- **What you have to do**: Could you transcribe the entries below exactly, without any of the pictures?

Data items
+ + + +
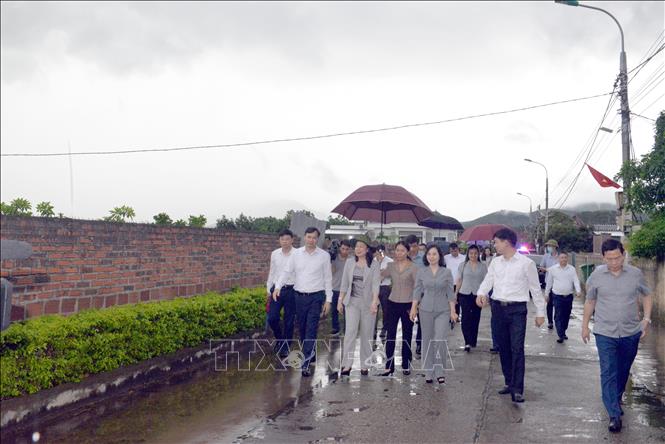 Phó Chủ tịch nước Võ Thị Ánh Xuân cùng đoàn kiểm tra thực tế xã Việt Dân, xã nông thôn mới kiểu mẫu đầu tiên của cả nước - Ảnh: TTXVN |
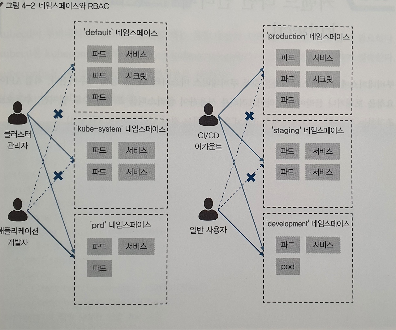 쿠버네티스 클러스터는 RBAC (Role-Based Access Control) 가 기본값으로 활성화되어 있다. 클러스터 조작에 대한 권한을 네임스페이스 별로 구분할 수 있고, 네트워크 정책과 사용하여 네임스페이스 간의 통신을 제어할 수 있는 구조다.
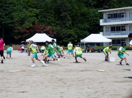 プログラム2「ごへいもち、いくつできるかな」。これもまた下山地区ではお馴染みの競技です。グラウンドに置かれた五平餅の色を自分たちのチームの色(茶or白)にどれだけ変えることができるかを勝負します。競技が終了したときに、自分たちのチームの陣地に戻っていないと減点されるというルールを新たに加えましたが、減点覚悟で五平餅をひっくり返す選手を数名つくるといった、各団の作戦が見られました。
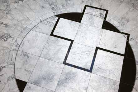 Analog dem Bibliotheksgebäude sind die Aussenwände mit Natursteinplatten verkleidet, doch mit dem heller gewählten Stein – einem weiss geflammten Marmor «Bianco Savanna» – stellt sich eine neue, erhabene Stimmung ein. Diese Stimmung setzt sich fort, wenn man vom Eingang her direkt in den Bereich des zweistöckigen Foyers unter der zentralen Glaskuppel gelangt, welche in Dialog mit der Pyramide des Bibliotheksgebäudes tritt. So gelangt der Besucher von der Intimität des
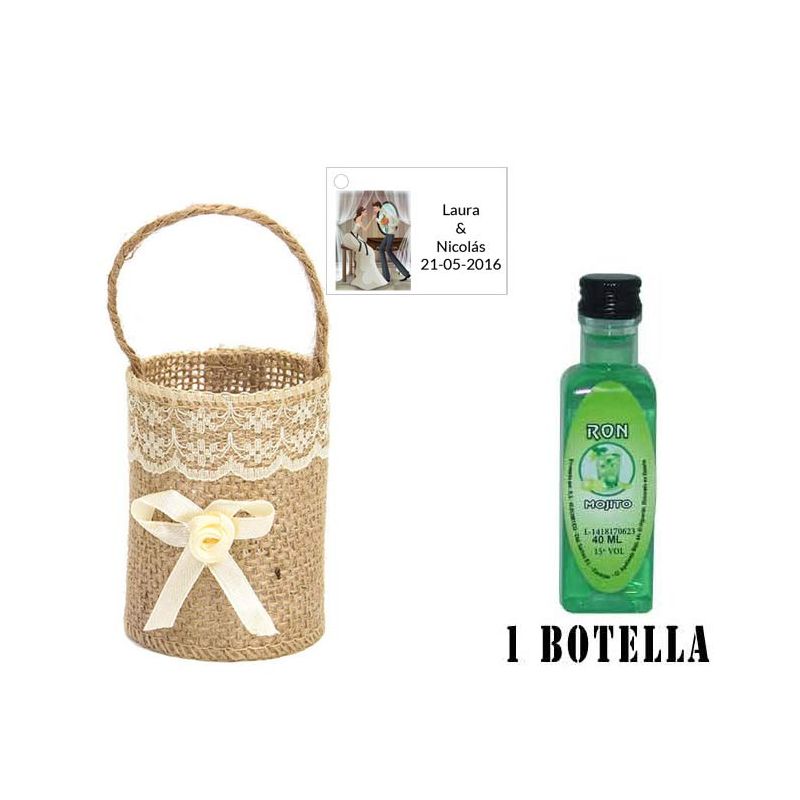 • Botellita de Licor de Mandarina con bolsa "bodegón" y tarjeta
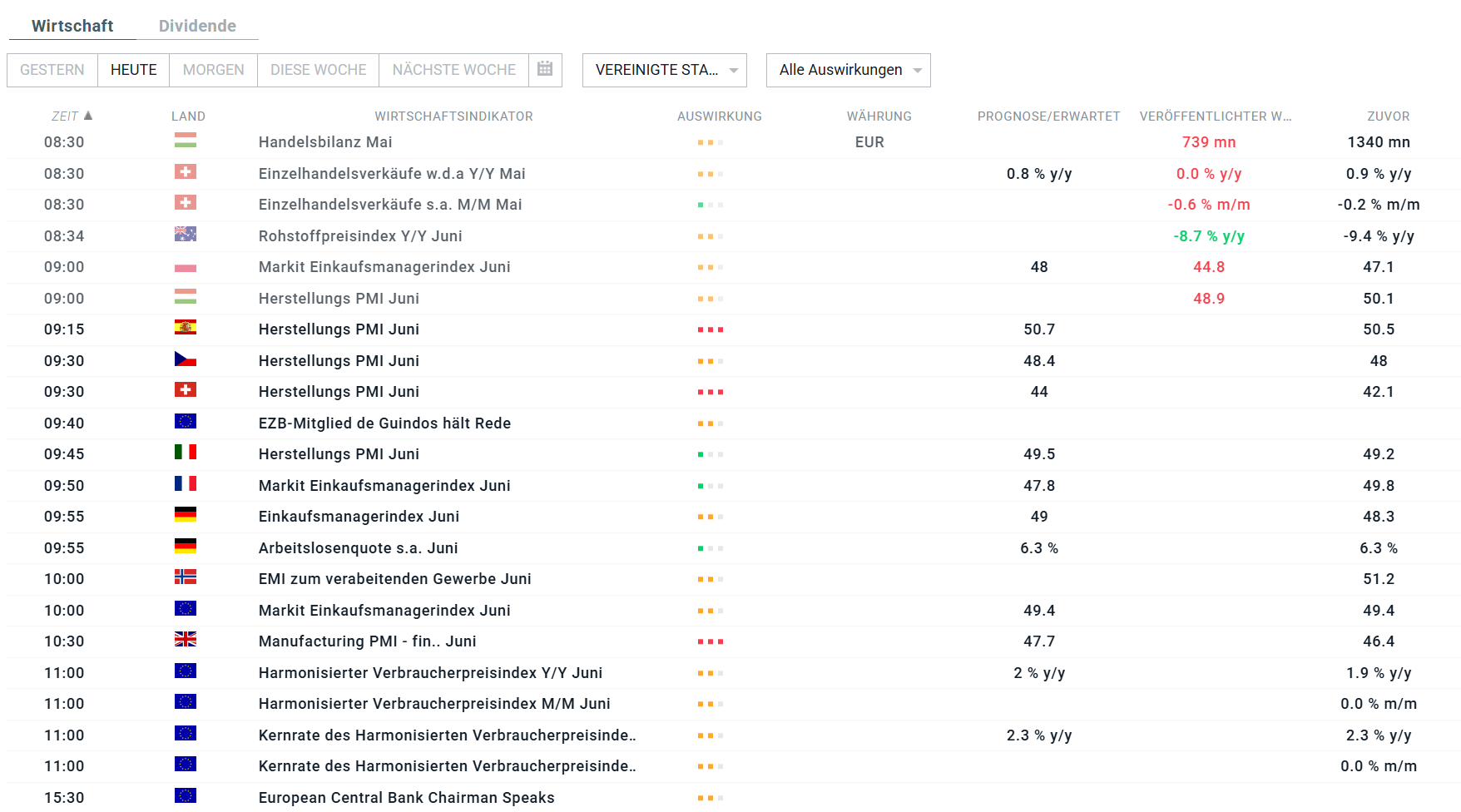 Der heutige Makrokalender konzentriert sich auf die PMI-Daten für die Industrie aus den wichtigsten Volkswirtschaften der Welt. Um 11:00 Uhr werden auch die VPI-Daten aus der Eurozone und die JOLTS-Daten aus den USA (16:00 Uhr) veröffentlicht. Das jährliche Forum der Europäischen Zentralbank in Sintra dauert noch an. Heute werden wir Erklärungen von Andrew Bailey (BoE), Christine Lagarde (EZB), Jerome Powell (FED) und Kazuo Ueda (BoJ) hören. 15:30 Uhr MESZ.
+ + + +
- **Answer section**:
 Phó Chủ tịch nước Võ Thị Ánh Xuân cùng đoàn kiểm tra thực tế xã Việt Dân, xã nông thôn mới kiểu mẫu đầu tiên của cả nước - Ảnh: TTXVN |
 쿠버네티스 클러스터는 RBAC (Role-Based Access Control) 가 기본값으로 활성화되어 있다. 클러스터 조작에 대한 권한을 네임스페이스 별로 구분할 수 있고, 네트워크 정책과 사용하여 네임스페이스 간의 통신을 제어할 수 있는 구조다.
 プログラム2「ごへいもち、いくつできるかな」。これもまた下山地区ではお馴染みの競技です。グラウンドに置かれた五平餅の色を自分たちのチームの色(茶or白)にどれだけ変えることができるかを勝負します。競技が終了したときに、自分たちのチームの陣地に戻っていないと減点されるというルールを新たに加えましたが、減点覚悟で五平餅をひっくり返す選手を数名つくるといった、各団の作戦が見られました。
 Analog dem Bibliotheksgebäude sind die Aussenwände mit Natursteinplatten verkleidet, doch mit dem heller gewählten Stein – einem weiss geflammten Marmor «Bianco Savanna» – stellt sich eine neue, erhabene Stimmung ein. Diese Stimmung setzt sich fort, wenn man vom Eingang her direkt in den Bereich des zweistöckigen Foyers unter der zentralen Glaskuppel gelangt, welche in Dialog mit der Pyramide des Bibliotheksgebäudes tritt. So gelangt der Besucher von der Intimität des
 • Botellita de Licor de Mandarina con bolsa "bodegón" y tarjeta
 Der heutige Makrokalender konzentriert sich auf die PMI-Daten für die Industrie aus den wichtigsten Volkswirtschaften der Welt. Um 11:00 Uhr werden auch die VPI-Daten aus der Eurozone und die JOLTS-Daten aus den USA (16:00 Uhr) veröffentlicht. Das jährliche Forum der Europäischen Zentralbank in Sintra dauert noch an. Heute werden wir Erklärungen von Andrew Bailey (BoE), Christine Lagarde (EZB), Jerome Powell (FED) und Kazuo Ueda (BoJ) hören. 15:30 Uhr MESZ.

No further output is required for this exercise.